Sukumaran J, Knowles LL, 2017. Multispecies coalescent delimits structure, not species. PNAS 7: 1607-1612.The context is species delimitation: given a bunch of individuals, how many species are there, and which individuals belong to which species? There are a number of ways to address these questions, and they partly depend on the available data and technology and partly on the species concept the researcher is using.
Very traditionally, of course, a taxonomist would look at the morphology of the specimens and more or less intuitively try to form clusters of similar specimens separated from each other by gaps in morphological variation. In other words, a qualitative application of the Genotypic Cluster Species Concept. More dubious approaches would involve ideal "types" (in a Platonic sense), "central identities", or rules of thumb on the lines of "one difference means subspecies, two differences means species", none of which seem to have much basis in what we know about genetics or evolutionary biology.
More formally, one can take the same theoretical approach but conduct an explicit, quantitative analysis. Score the morphological data and produce a pair-wise distance matrix for example with the Gower metric, then do a Principal Coordinates Analysis to visualise potential clusters and gaps between them, or do hierarchical or non-hierarchical clustering. The same can be done with non-morphological data, such as environmental data from the collecting localities, in that case to show that putative species have different ecological niches.
A clustering approach can also, of course, be used for genetic data. In that case one would use some kind of genotyping approach, for example microsatellites, AFLP or genome-wide SNPs, and do hierarchical clustering or use a software such as STRUCTURE. Although using a population genetics model, the results produced by the latter are at a practical level comparable to the non-hierarchical clustering in that we get an optimal number of clusters and information on what sample belongs to what cluster; we then need to make the additional interpretative step of assuming that the clusters are the species. (Meaning we have solved the grouping problem but need additional arguments to solve the ranking problem.)

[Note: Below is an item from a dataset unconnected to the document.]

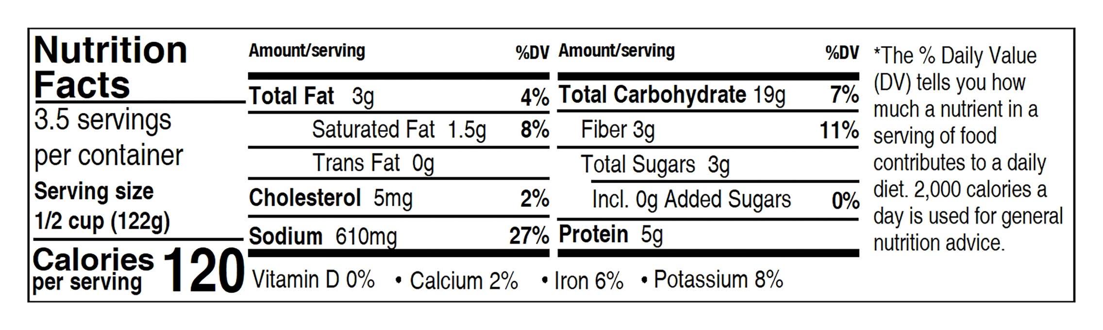 Butter Beans, Water, Shoepeg Corn, Chicken Base (Chicken Meal Including Natural Chicken Juices, Salt, Hydrolyzed Vegetable Protein (Soy, Corn), Sugar, Potato Flour, Natural Flavor, Autolyzed Yeast Extract, Carrot Powder, Turmeric), Contains 2% or Less of: Butter (Pasteurized Cream, Natural Flavorings), Corn Starch, Salt, Spices Contains: Milk, Soybeans, Corn

But today more and more people have multi-locus sequence data at their disposal. They are used for phylogenetics under the coalescent model and using species tree approaches, so it was probably unavoidable that the coalescent model would also be applied to species delimitation. The idea behind the relevant software tools such as the currently very popular BPP (disclosure: I have never used it) is that the information from multiple loci can be used to figure out how many species there are among the samples, under the assumption that samples belonging to the same species should have a history of reticulation but samples belonging to different species should have a history of (permanent) lineage divergence.
That sounds logical, but the aforementioned paper seems to hit this idea under the waterline: as the title suggests, the authors conclude that species delimitation under the coalescent resolves population structure, not species limits.

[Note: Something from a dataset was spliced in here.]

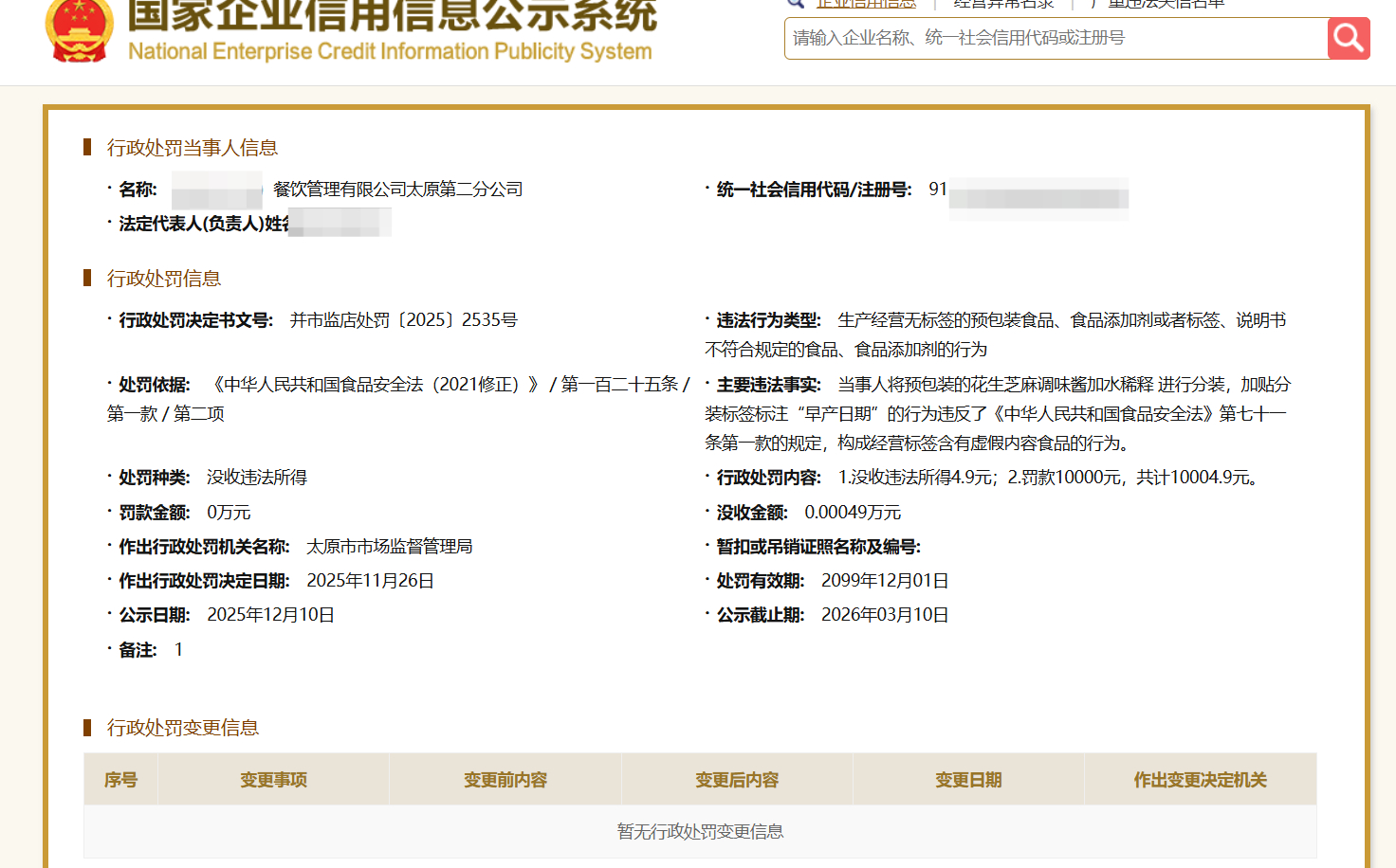 #市监部门回应买到6天后调味酱#【外卖买到“6天后的调味酱” 消费者曾因免罚决定起诉 市监部门已处理:罚款一万元】#餐饮店卖6天后调味酱被罚一万# 今年6月9日,家住山西太原市的陈女士在某连锁餐饮店下单外卖,收到的花生芝麻调味酱标注的生产日期却是6月15日。陈女士选择对涉嫌虚假标注生产日期的门店进行投诉,太原市小店区市场监督管理局对于商家的行为作出“免罚决定”,此事引发多家媒体报道关注。今年12月10日,小店区市监局营盘市场监督管理所工作人员在红星新闻记者采访时则表示,该事件由太原市市场监督管理局作出了行政处罚,并非免罚,具体处罚结果可关注国家企业信用信息公示系统。日前,红星新闻记者查询到该处罚决定:因生产经营无标签的预包装食品、食品添加剂或者标签、说明书不符合规定的食品、食品添加剂的行为,涉事门店所属公司被没收违法所得4.9元,罚款10000元。对此处罚,餐饮公司工作人员表示暂不回应。网页链接

Frankly, although the method has been extremely popular lately, there has also been a lot of scepticism in the community. After all, its application has produced rather one-sided results, nearly always splitting species into several smaller species. I have heard a talk that amounted to a scathing criticism of the approach, arguing that genetic isolation of a small population for less than 200 years would be enough to make it show up as a separate "species" under the coalescent, surely a ridiculous outcome.

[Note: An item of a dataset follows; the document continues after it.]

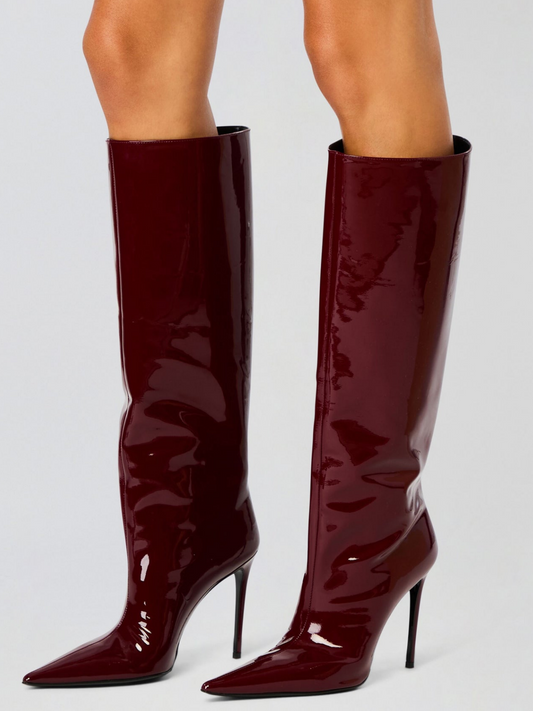 Patent Burgundy Pointed-Toe Wide Calf Tall Knee High Boots

Consequently, the present paper fits my thinking on the issue; I, personally, would rather use clustering approaches to search for gaps in variation. But that being said, the way the authors addressed the issue still seems a bit odd to me and leaves me wondering how far their particular argument will carry.
The thing is, the study does not involve any empirical data, it is entirely based on simulations. The authors used a model under which at first only populations split and then some of them may turn into separate species after varying lag times; although there does not appear to be an explicit process in the model I guess the assumption is that it needs a bit of time to accumulate enough differences that a population cannot reunite with its sister population even if they get back into contact with each other. They then simulated species lineages under that model, and then gene trees in those species lineages, and then sequence matrices for those gene trees. And then they analysed the sequence matrices with the coalescent-based species delimitation approach trying to get the original species back.
Surprise, surprise, the coalescent species delimitation approach recovered the population splits, not the species splits. But what has this really shown? As far as I can tell, it has shown that an approach using a model counting all population splits immediately as species splits will not produce the results expected under a model not counting all population splits immediately as species splits.
Maybe I am missing something, but that is exactly what I would have expected before complex simulations on supercomputers had been conducted. If I simulate bicycle rides under a model that assumes I cycle to work at 20 km/h and then try to fit the results back to a model that assumes I cycle to work at 100 km/h I will also likely find that there is poor fit, right? But that does not tell me anything about how fast I really cycle to work, or in other words, anything about which of the two models is a better fit to reality.
Consequently I have to admit that arguments on the lines of "this real-life population that is clearly not a separate species but has merely been isolated for 200 years comes out as a new species under the coalescent approach" seem to be more impressive.